Personal information
- Born: 15 March 1995 (age 31) Colombo, Sri Lanka
- Source: ESPNcricinfo, 15 December 2016

= Sangeeth Cooray =

Sri Lankan cricketer (born 1995)

Sangeeth Cooray (born 15 March 1995) is a Sri Lankan cricketer. He made his first-class debut for Saracens Sports Club in the 2015–16 Premier League Tournament on 4 December 2015.

His exploits for Colts, in both first-class and List A, have culminated with Sri Lankan Board, Emerging Players, and Sri Lanka ‘A’ inclusion in recent years.

In June 2019, he struck scores of 88 and 61 for the latter against their Indian counterparts.

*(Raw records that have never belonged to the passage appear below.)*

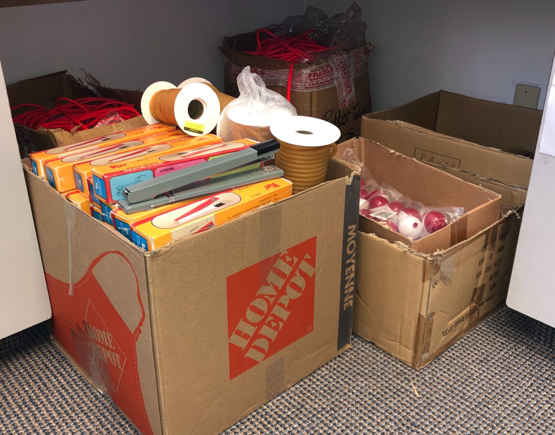 3 boxes full of red tubing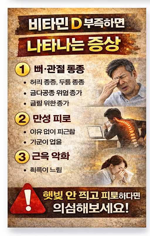 적절한 햇빛 노출과 균형 잡힌 식사, 필요하다면 전문가 상담을 통한 보충제 선택까지, 작은 관리가 뼈 건강과 면역력, 그리고 전반적인 활력을 지키는 데 중요한 역할을 합니다. 몸이 보내는 신호를 무시하지 않는 것이 건강 관리의 첫걸음입니다.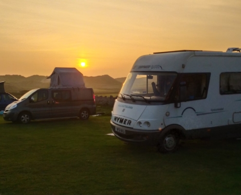 Sunny, relaxed days in our motorhome by the dunes and surf at Hillend Campsite, Rhossili Bay, Gower, South Wales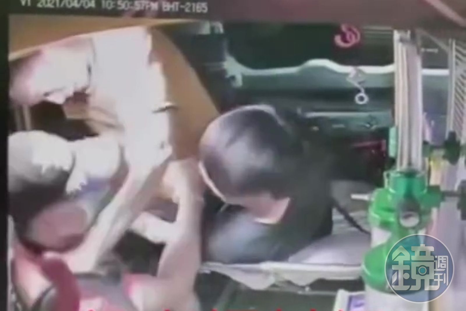 期間醫護人員嘗試以身體壓制對方,仍難擋年輕人的力氣,救護車司機見情況不對,也停車趕緊到車廂內幫忙阻止。司機上車後壓制住擔架上惡少的手臂,但惡少似乎還不覺有錯,仍趁機用手掌偷打司機、情緒十分激動。

He was then involved with the Emerging Players Tri-Series the following month. In March 2020, he also showed his all-round prowess, bagging the wicket of Keaton Jennings during England’s tour of Sri Lanka.

In March 2018, he was named in Dambulla's squad for the 2017–18 Super Four Provincial Tournament. The following month, he was also named in Dambulla's squad for the 2018 Super Provincial One Day Tournament. In August 2021, he was named in the SLC Greys team for the 2021 SLC Invitational T20 League tournament.

In the 2022 Major Clubs 20-Over Tournament, he scored 381 runs, including innings of 145, 100 and 64 and was named Best Batsman. He was also named Best Batsman at the 2025 Sri Lanka Cricket Awards for the Major Clubs 50-Over Tournament.

In the Nepal Premier League, Cooray represented Janakpur Bolts and received the award for Most Boundaries in a 2025 NPL qualifier match.